(Stored items)

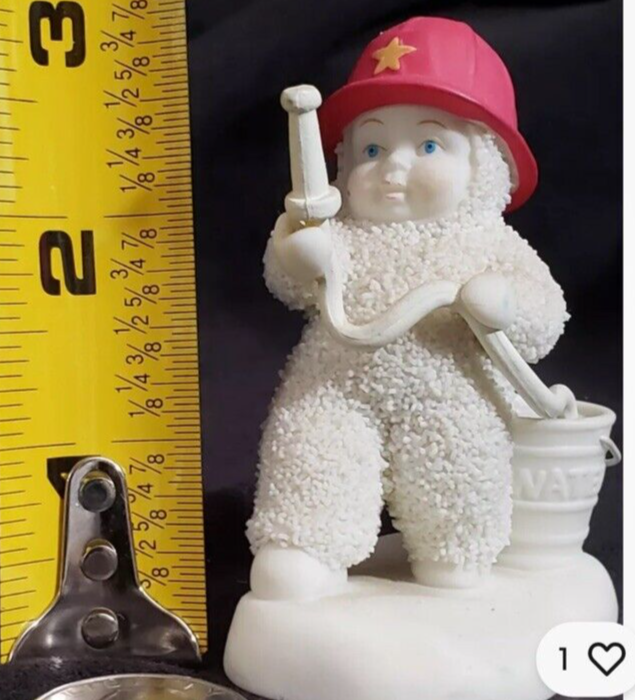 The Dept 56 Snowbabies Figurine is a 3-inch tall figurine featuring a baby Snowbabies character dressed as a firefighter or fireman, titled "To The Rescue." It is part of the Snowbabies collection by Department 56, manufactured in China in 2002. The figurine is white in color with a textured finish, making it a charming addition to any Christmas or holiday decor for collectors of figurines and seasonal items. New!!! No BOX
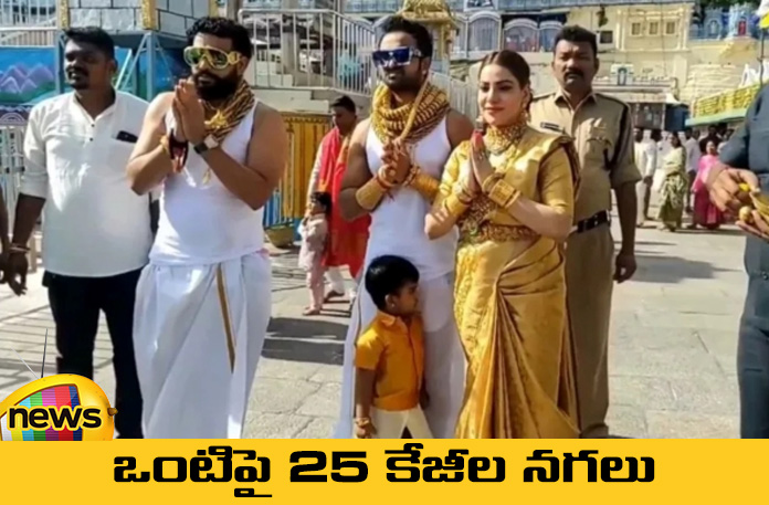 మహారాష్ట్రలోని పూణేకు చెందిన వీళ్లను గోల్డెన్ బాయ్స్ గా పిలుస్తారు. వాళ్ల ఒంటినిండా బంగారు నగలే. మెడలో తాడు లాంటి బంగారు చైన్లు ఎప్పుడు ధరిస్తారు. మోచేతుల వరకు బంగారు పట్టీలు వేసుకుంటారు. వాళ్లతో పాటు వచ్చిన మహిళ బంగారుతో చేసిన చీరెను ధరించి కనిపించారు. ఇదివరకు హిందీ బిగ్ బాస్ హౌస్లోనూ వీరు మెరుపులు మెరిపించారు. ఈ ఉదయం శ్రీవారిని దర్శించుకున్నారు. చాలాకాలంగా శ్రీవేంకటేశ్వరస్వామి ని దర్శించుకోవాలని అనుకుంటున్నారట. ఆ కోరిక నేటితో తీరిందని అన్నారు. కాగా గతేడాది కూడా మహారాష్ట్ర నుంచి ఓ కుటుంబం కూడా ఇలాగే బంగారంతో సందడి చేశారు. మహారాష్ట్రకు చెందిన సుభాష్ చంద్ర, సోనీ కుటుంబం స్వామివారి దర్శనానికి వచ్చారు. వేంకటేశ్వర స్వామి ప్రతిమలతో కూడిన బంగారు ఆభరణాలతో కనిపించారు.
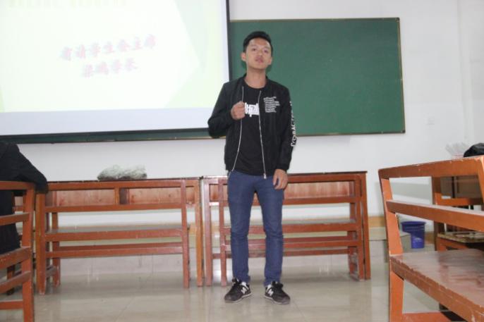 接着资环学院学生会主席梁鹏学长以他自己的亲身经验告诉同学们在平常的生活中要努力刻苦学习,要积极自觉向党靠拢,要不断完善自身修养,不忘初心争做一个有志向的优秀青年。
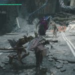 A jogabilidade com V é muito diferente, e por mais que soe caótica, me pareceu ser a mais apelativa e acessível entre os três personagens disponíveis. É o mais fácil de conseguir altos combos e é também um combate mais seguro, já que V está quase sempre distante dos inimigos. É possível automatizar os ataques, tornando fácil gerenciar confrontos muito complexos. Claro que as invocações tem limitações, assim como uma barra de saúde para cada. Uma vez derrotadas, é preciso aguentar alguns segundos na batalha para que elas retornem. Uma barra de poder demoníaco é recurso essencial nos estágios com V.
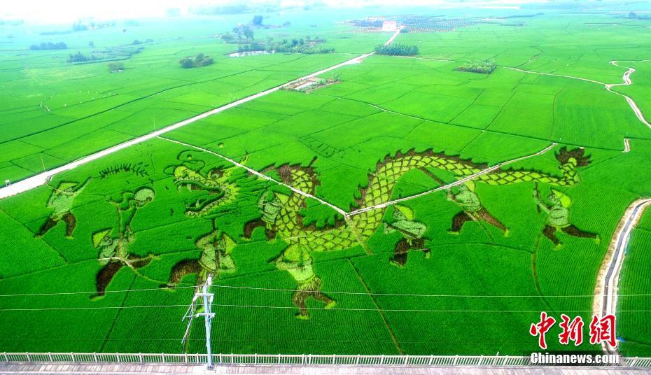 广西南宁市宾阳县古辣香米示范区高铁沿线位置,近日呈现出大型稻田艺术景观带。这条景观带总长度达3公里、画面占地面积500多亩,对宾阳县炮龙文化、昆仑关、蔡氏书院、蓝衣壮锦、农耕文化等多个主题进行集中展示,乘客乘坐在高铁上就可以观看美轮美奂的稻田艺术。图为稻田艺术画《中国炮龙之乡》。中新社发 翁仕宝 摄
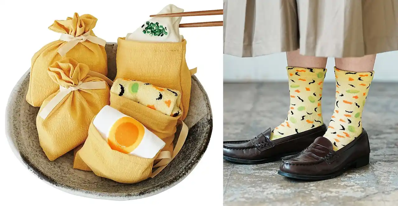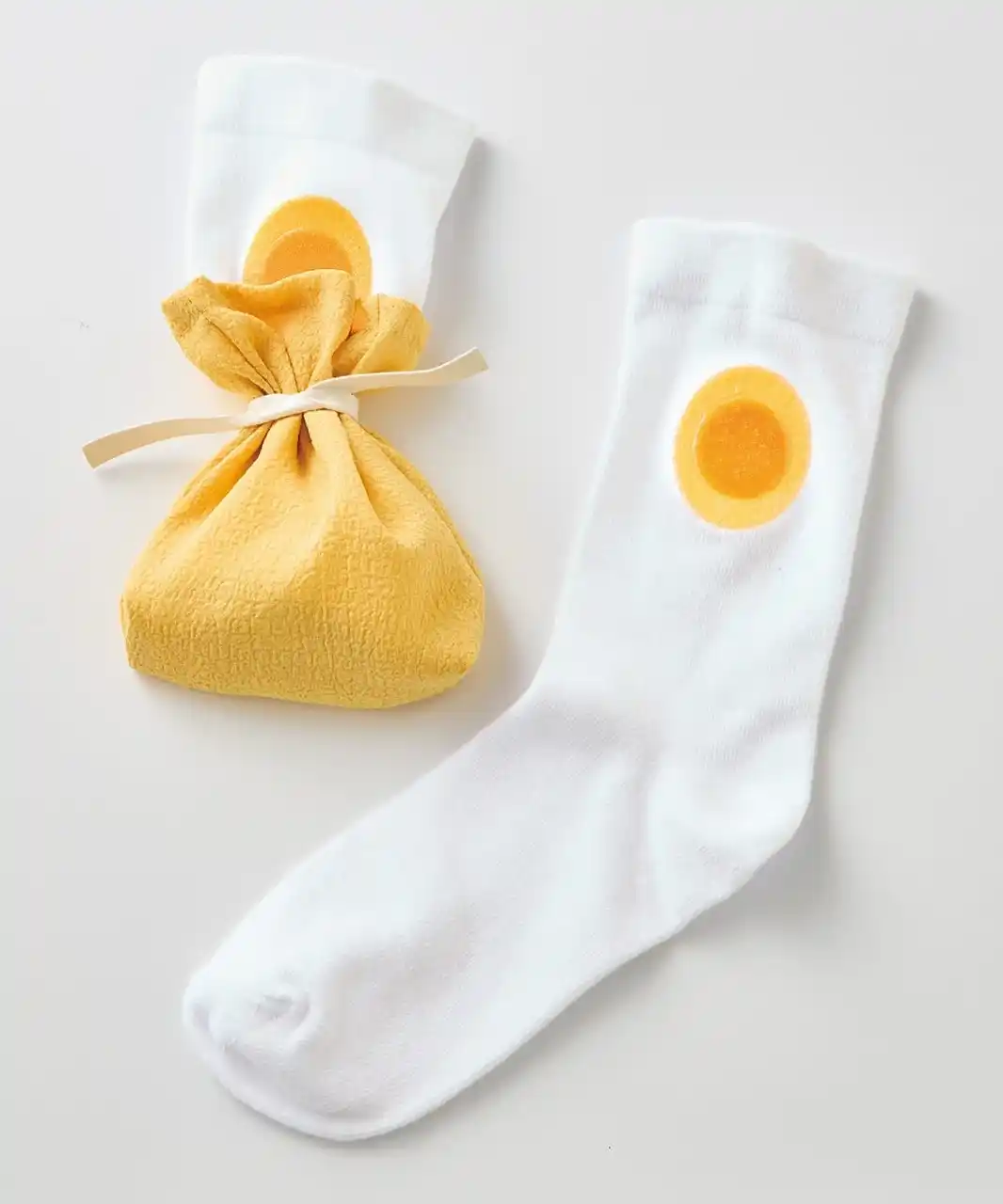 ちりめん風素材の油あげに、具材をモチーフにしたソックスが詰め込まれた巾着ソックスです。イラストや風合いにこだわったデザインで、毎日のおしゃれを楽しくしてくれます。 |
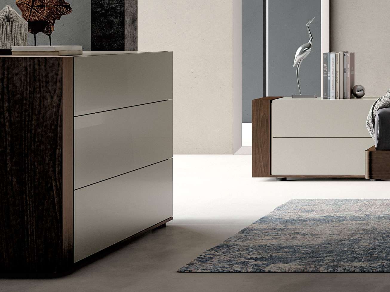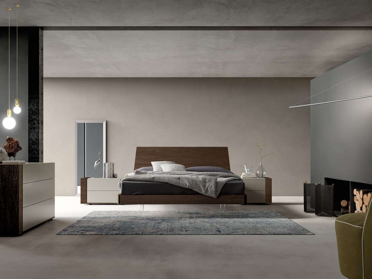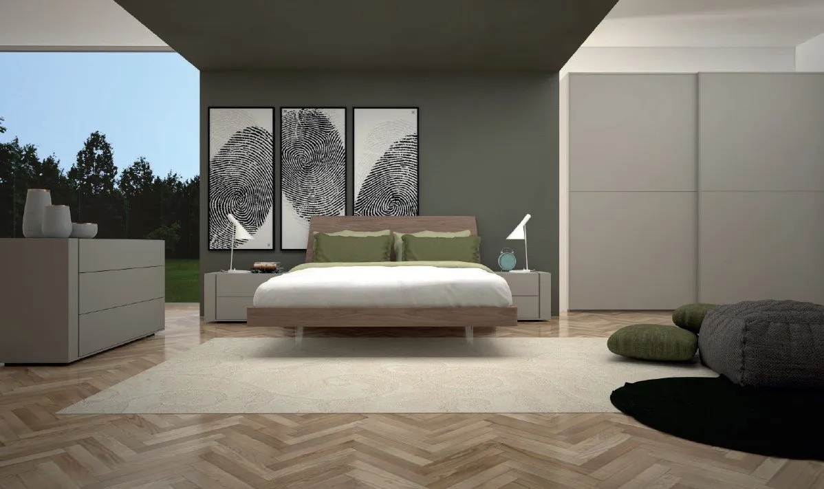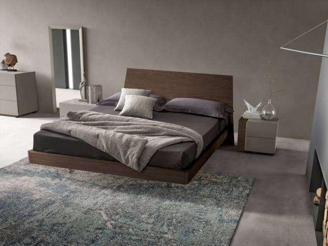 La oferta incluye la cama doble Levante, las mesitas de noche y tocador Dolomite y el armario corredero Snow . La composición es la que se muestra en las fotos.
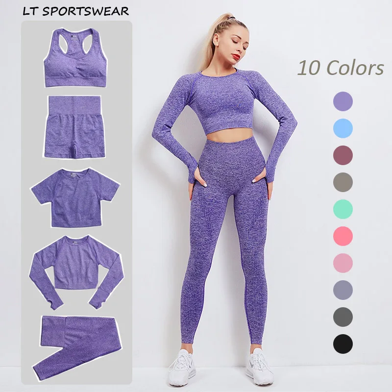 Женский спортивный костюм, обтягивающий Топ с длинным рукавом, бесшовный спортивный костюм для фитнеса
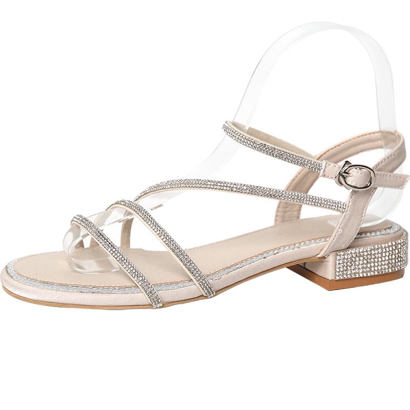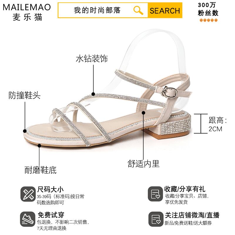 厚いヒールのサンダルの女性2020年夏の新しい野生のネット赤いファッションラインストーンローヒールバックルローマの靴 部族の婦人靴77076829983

TASK INSTRUCTIONS: Once the line with "మహారాష్ట్రలోని పూణేకు చెందిన" is found above, transcribe each line from it through the line with "接着资环学院学生会主席梁鹏学", exactly, and omit the pictures.

REPLY TO THE TASK:
 మహారాష్ట్రలోని పూణేకు చెందిన వీళ్లను గోల్డెన్ బాయ్స్ గా పిలుస్తారు. వాళ్ల ఒంటినిండా బంగారు నగలే. మెడలో తాడు లాంటి బంగారు చైన్లు ఎప్పుడు ధరిస్తారు. మోచేతుల వరకు బంగారు పట్టీలు వేసుకుంటారు. వాళ్లతో పాటు వచ్చిన మహిళ బంగారుతో చేసిన చీరెను ధరించి కనిపించారు. ఇదివరకు హిందీ బిగ్ బాస్ హౌస్లోనూ వీరు మెరుపులు మెరిపించారు. ఈ ఉదయం శ్రీవారిని దర్శించుకున్నారు. చాలాకాలంగా శ్రీవేంకటేశ్వరస్వామి ని దర్శించుకోవాలని అనుకుంటున్నారట. ఆ కోరిక నేటితో తీరిందని అన్నారు. కాగా గతేడాది కూడా మహారాష్ట్ర నుంచి ఓ కుటుంబం కూడా ఇలాగే బంగారంతో సందడి చేశారు. మహారాష్ట్రకు చెందిన సుభాష్ చంద్ర, సోనీ కుటుంబం స్వామివారి దర్శనానికి వచ్చారు. వేంకటేశ్వర స్వామి ప్రతిమలతో కూడిన బంగారు ఆభరణాలతో కనిపించారు.
 接着资环学院学生会主席梁鹏学长以他自己的亲身经验告诉同学们在平常的生活中要努力刻苦学习,要积极自觉向党靠拢,要不断完善自身修养,不忘初心争做一个有志向的优秀青年。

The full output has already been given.